[Items from a data source]

==============================

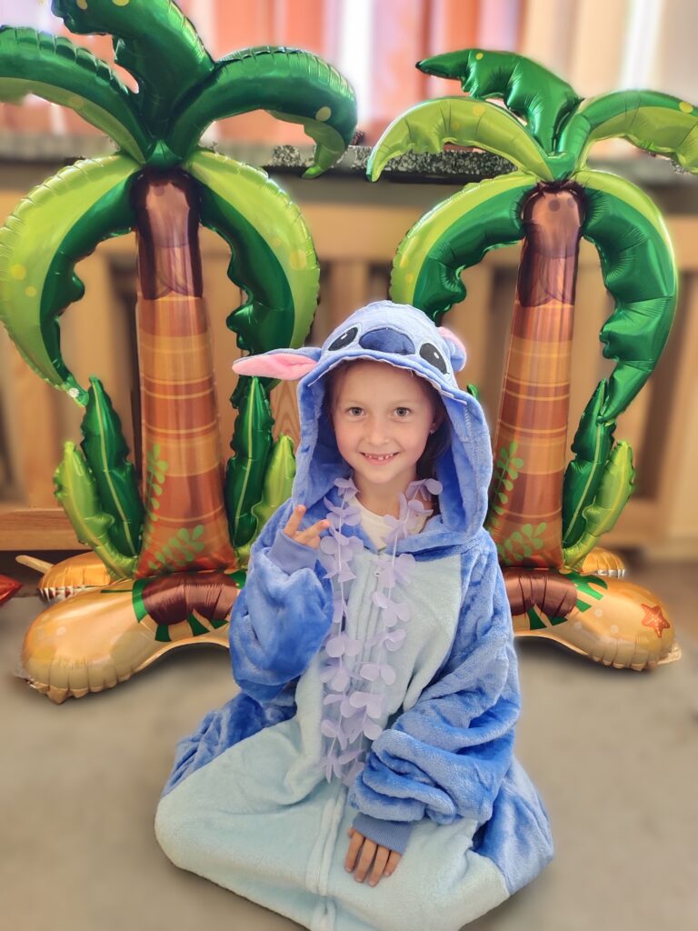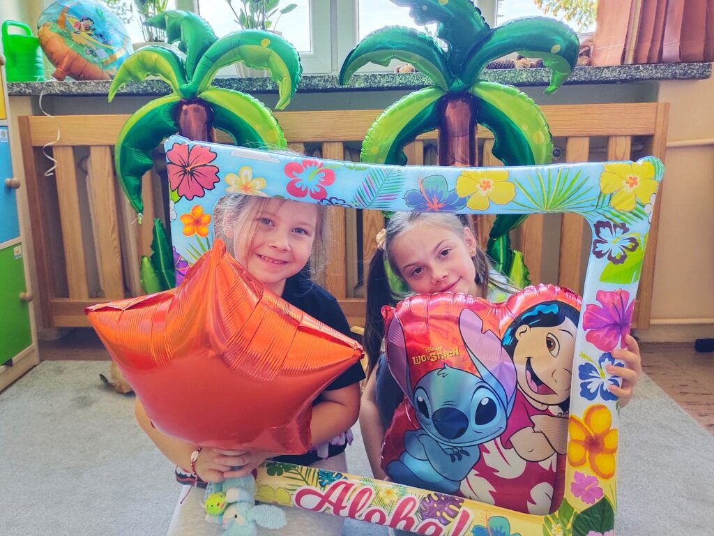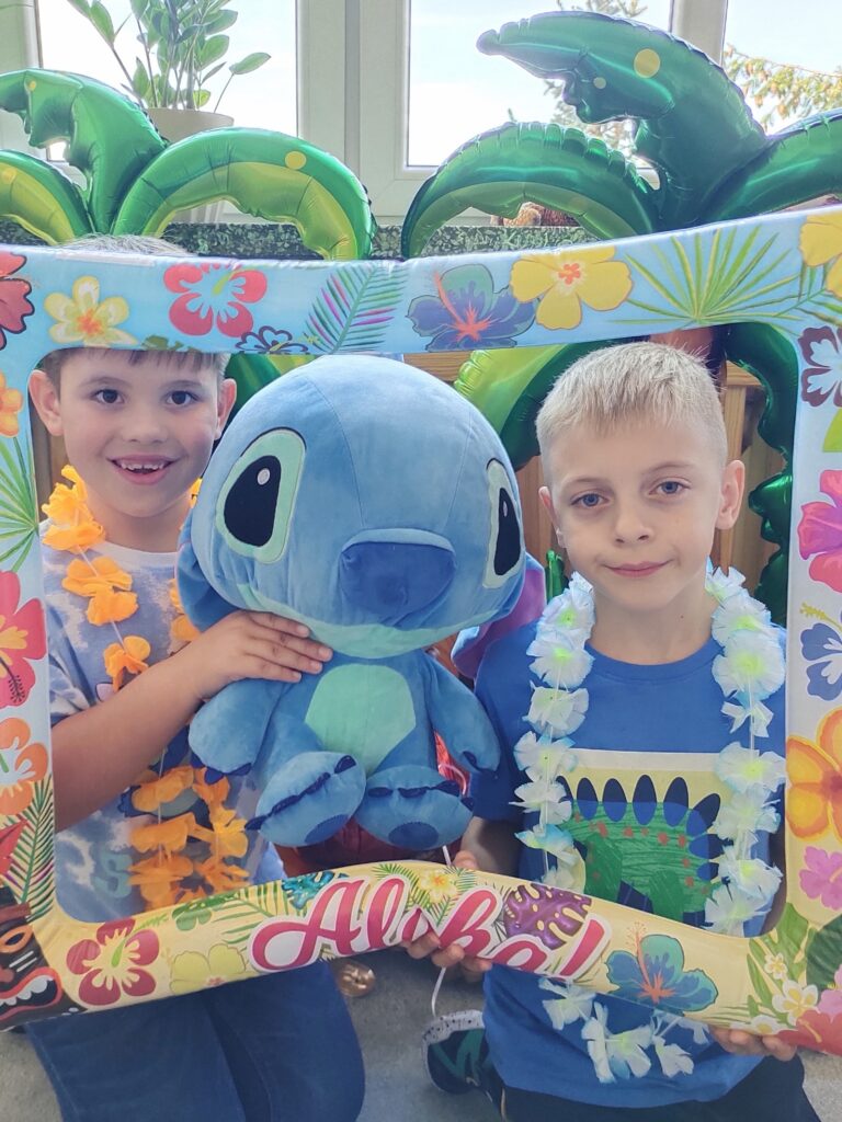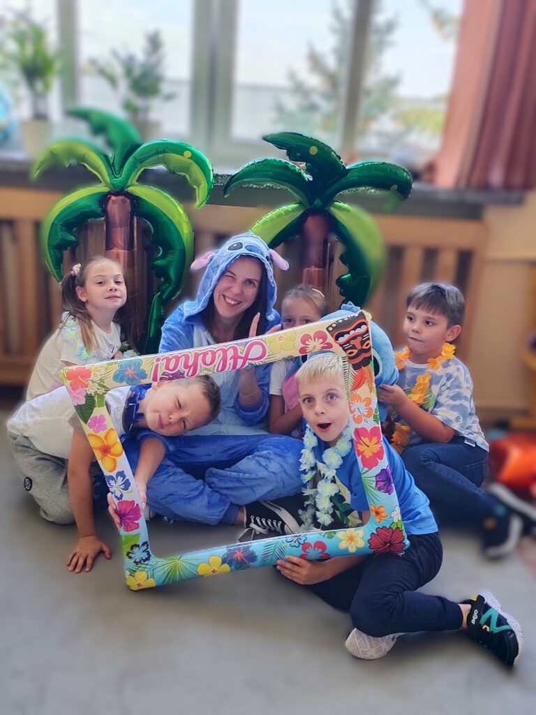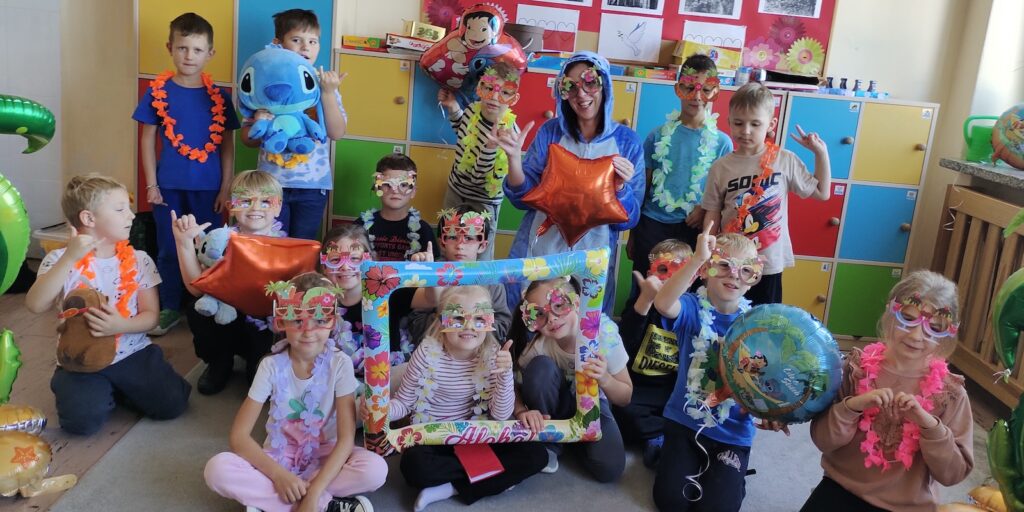 Niespodzianką dnia było spotkanie z sympatycznym Stitchem, który dołączył do zabawy. Razem tańczyli taniec hula, bawili się, jedli soczyste owoce i kolorowe galaretki. Na zakończenie podróży uczniowie zapisali swoje pierwsze wspomnienia w pamiętnikach podróżnika, z uśmiechem i ekscytacją spoglądając na kolejne strony mapy.
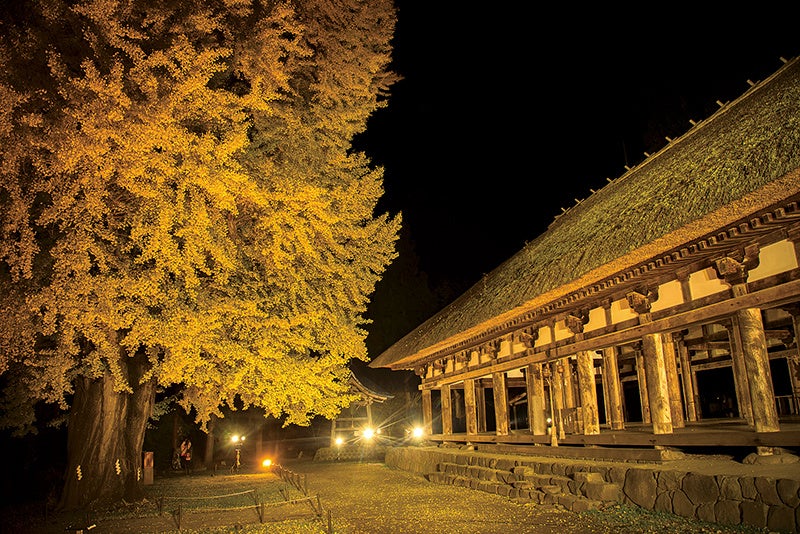 新宮熊野神社では、推定樹齢800年以上とも言われる大イチョウが参拝者を出迎えます。すぐそばには、国重要文化財の拝殿「長床」があり、大イチョウのライトアップ時には一層荘厳な雰囲気が醸し出されます。ライトアップ期間は、アクセスにも便利な珍しいボンネットバスが特別企画として運行予定です。
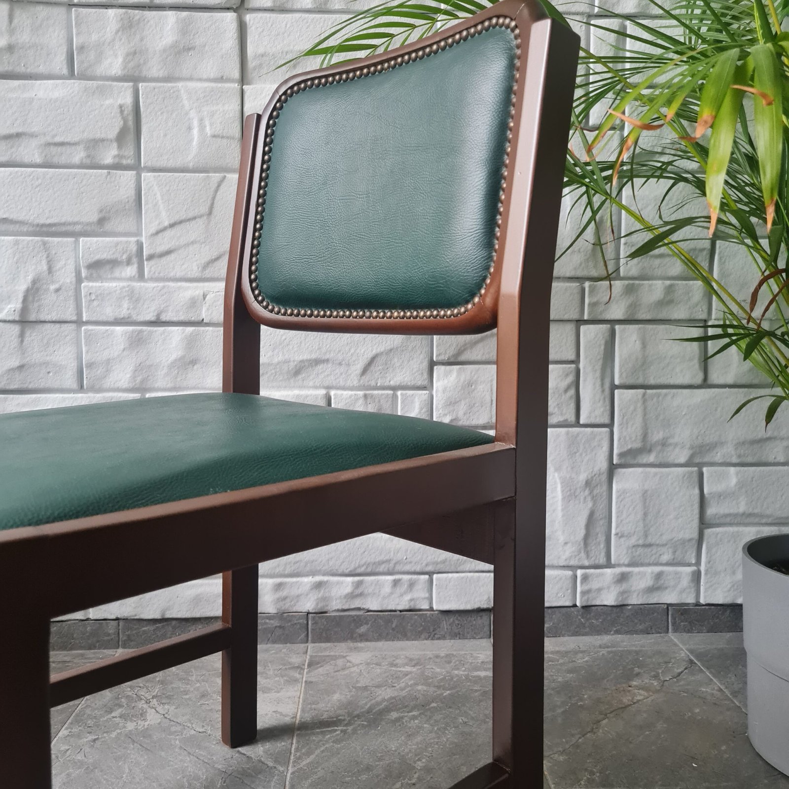 Dayanıklı masif ceviz iskeleti ile uzun ömürlü bir kullanım sunuyor. Orijinal deri döşemesi, kusursuza yakın kondisyonda. Cilası yenilenerek modern bir parıltı kazandırıldı.
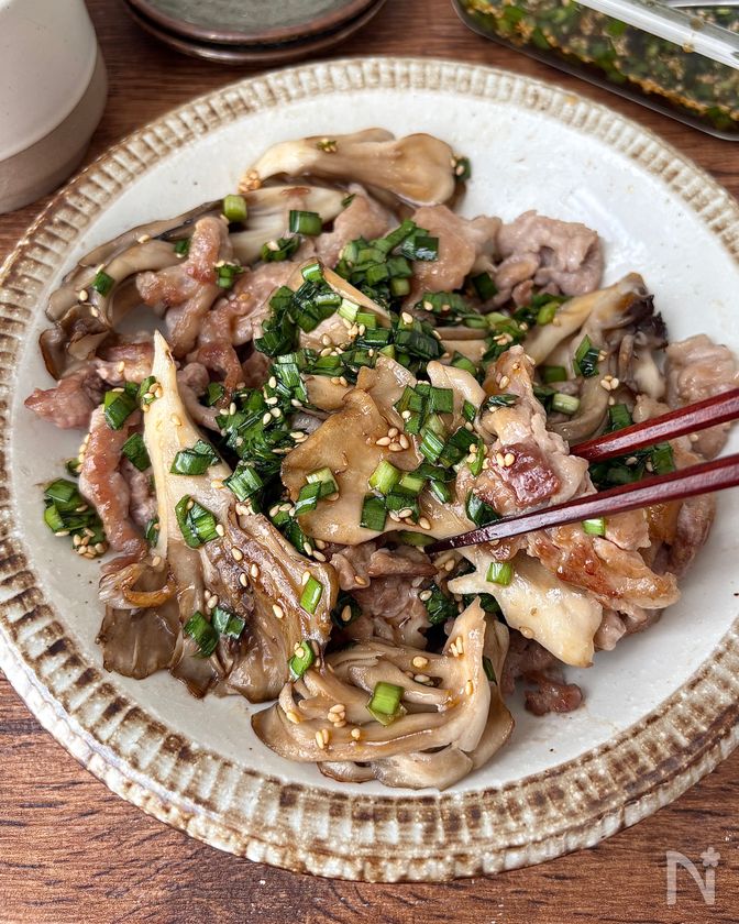 【豚こまと舞茸の旨辛ニラだれがけ】絶品ニラだれ!
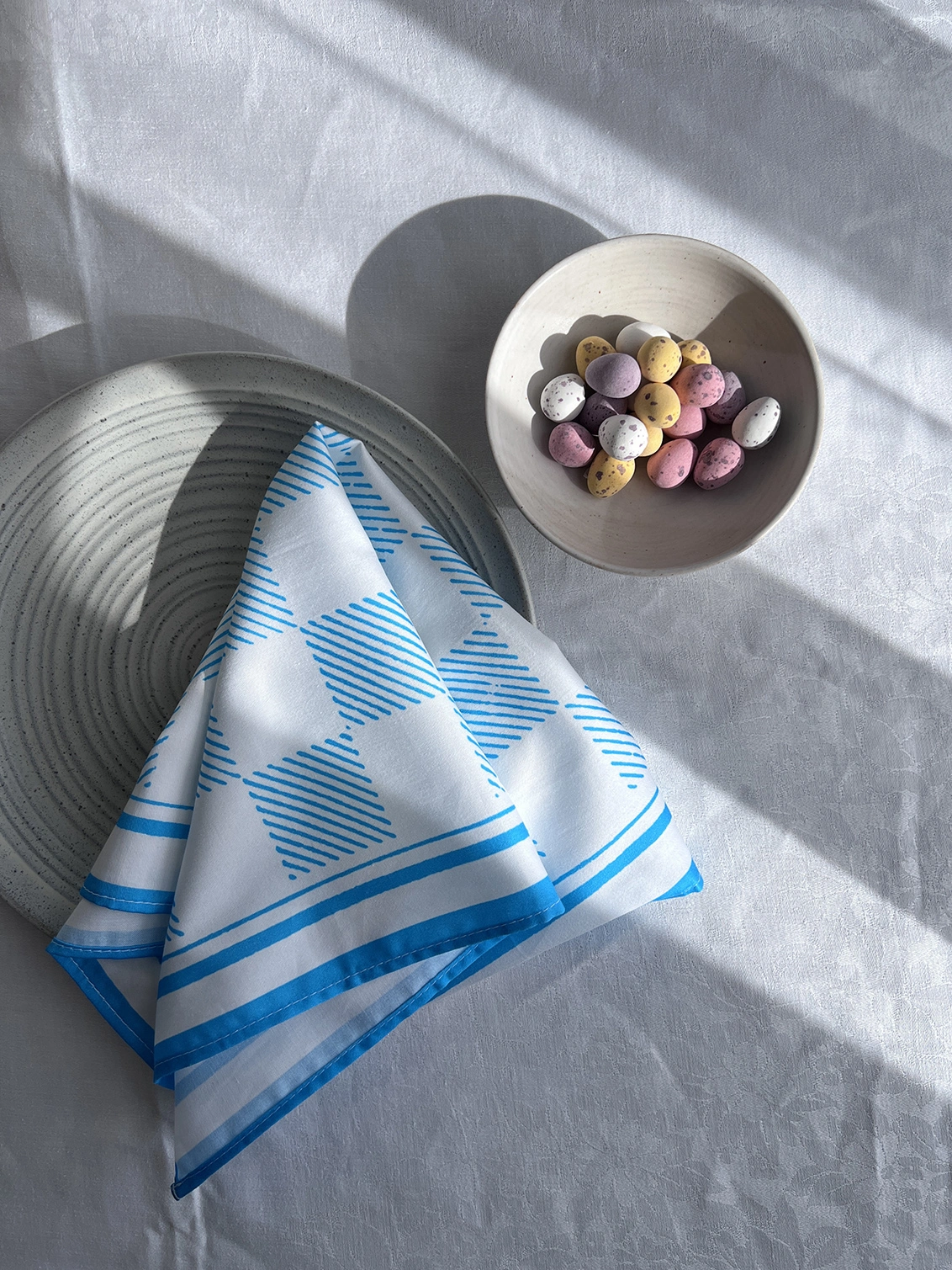 Checkerboard Draughts Board Game Blue Cotton Table Napkin

==============================

Retype the records above exactly. Leave the pictures out.

# Task response:
 Niespodzianką dnia było spotkanie z sympatycznym Stitchem, który dołączył do zabawy. Razem tańczyli taniec hula, bawili się, jedli soczyste owoce i kolorowe galaretki. Na zakończenie podróży uczniowie zapisali swoje pierwsze wspomnienia w pamiętnikach podróżnika, z uśmiechem i ekscytacją spoglądając na kolejne strony mapy.
 新宮熊野神社では、推定樹齢800年以上とも言われる大イチョウが参拝者を出迎えます。すぐそばには、国重要文化財の拝殿「長床」があり、大イチョウのライトアップ時には一層荘厳な雰囲気が醸し出されます。ライトアップ期間は、アクセスにも便利な珍しいボンネットバスが特別企画として運行予定です。
 Dayanıklı masif ceviz iskeleti ile uzun ömürlü bir kullanım sunuyor. Orijinal deri döşemesi, kusursuza yakın kondisyonda. Cilası yenilenerek modern bir parıltı kazandırıldı.
 【豚こまと舞茸の旨辛ニラだれがけ】絶品ニラだれ!
 Checkerboard Draughts Board Game Blue Cotton Table Napkin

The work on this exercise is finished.